Département d'Informatique, DIRO, Université de Montréal, Canada.
BMC Bioinformatics. 2012;13 Suppl 19(Suppl 19):S4. doi: 10.1186/1471-2105-13-S19-S4. Epub 2012 Dec 19.
The "small phylogeny" problem consists in inferring ancestral genomes associated with each internal node of a phylogenetic tree of a set of extant species.

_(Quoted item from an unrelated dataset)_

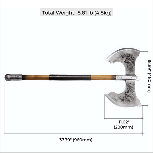 VikingsBrand Odin’s Twin-Blade Viking Axe – Hand-Forged Collectible

Existing methods can be grouped into two main categories: the distance-based methods aiming at minimizing a total branch length, and the synteny-based (or mapping) methods that first predict a collection of relations between ancestral markers in term of "synteny", and then assemble this collection into a set of Contiguous Ancestral Regions (CARs). The predicted CARs are likely to be more reliable as they are more directly deduced from observed conservations in extant species. However the challenge is to end up with a completely assembled genome.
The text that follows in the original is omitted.